Special table 2001-519403 Special table 2004-533530 Special table 2005-529888 Special table 2006-506335

Examples of application to information recording materials are: (1) amphiphilic block polymers used in micelle particle-containing compositions useful as optical materials (Patent Document 5), (2) used in ink-jet ink compositions. Examples include nonionic amphiphilic block polymers, ionic polymers, and solvent-containing functional substances made of color materials (Patent Document 6).
JP2004-217705 Japanese Patent Application Laid-Open No. 2004-079590

Several examples are also known in which polysaccharides are used for hydrophilic blocks in such amphiphilic block copolymers.
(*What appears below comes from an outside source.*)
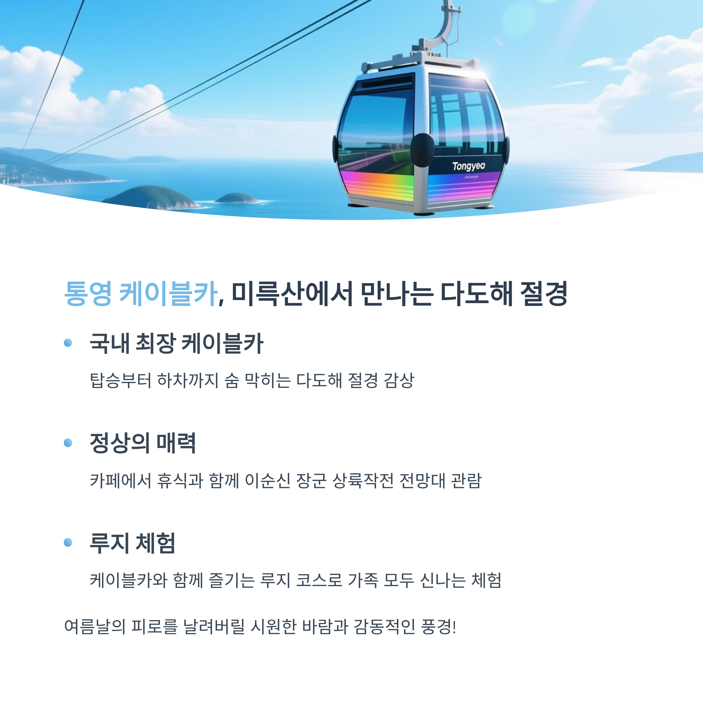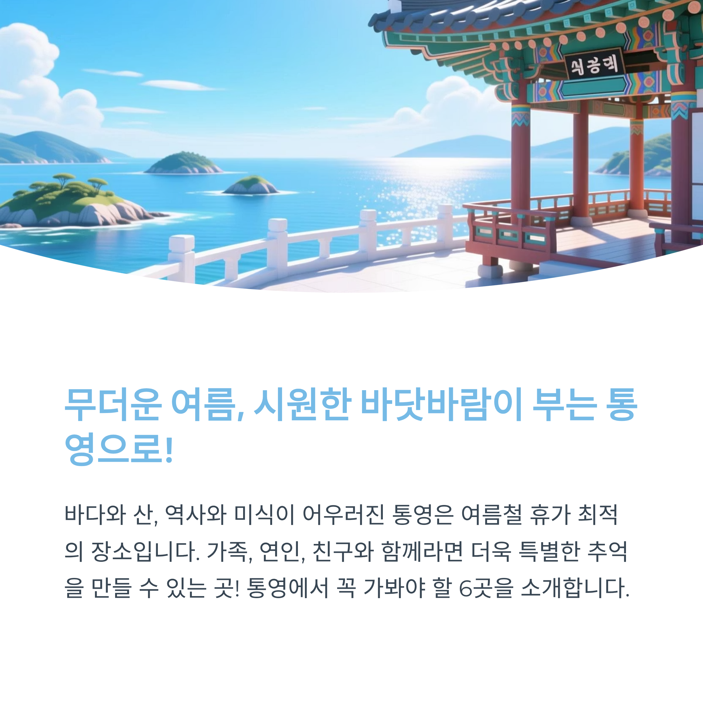 무더운 여름, 시원한 바닷바람과 함께 힐링할 수 있는 국내 여행지로 통영만큼 매력적인 곳도 드뭅니다. 바다와 산, 역사와 미식이 어우러진 통영은 여름철 휴가로 안성맞춤인데요. 오늘은 그중에서도 꼭 가봐야 할 통영 여행지 6곳을 선정해 소개드립니다. 가족, 연인, 친구 누구와 가도 만족할 여정을 약속드립니다.

Polysaccharides are listed as examples of hydrophilic blocks in amphiphilic lipids when cosmetics are used in oil-in-water nanoemulsion compositions (Patent Documents 7 and 8). A polysaccharide grafted with an amphiphilic polyester copolymer is known as a material for capsule nanoparticles that can be used for delivery of ophthalmic drugs (Patent Document 9).
JP2001-214081 JP 2001-226221 A Special table 2005-528185

  All of the amphiphilic block copolymers found in the above examples are those in which a hydrophilic block and a hydrophobic block are linked via a covalent bond by a special bonding reaction, and labor is required for bond formation. Furthermore, it is not easy to dissociate bonds as necessary, for example, after achieving a desired purpose. In addition, there are many cases where a material whose safety to a living body is not secured is used.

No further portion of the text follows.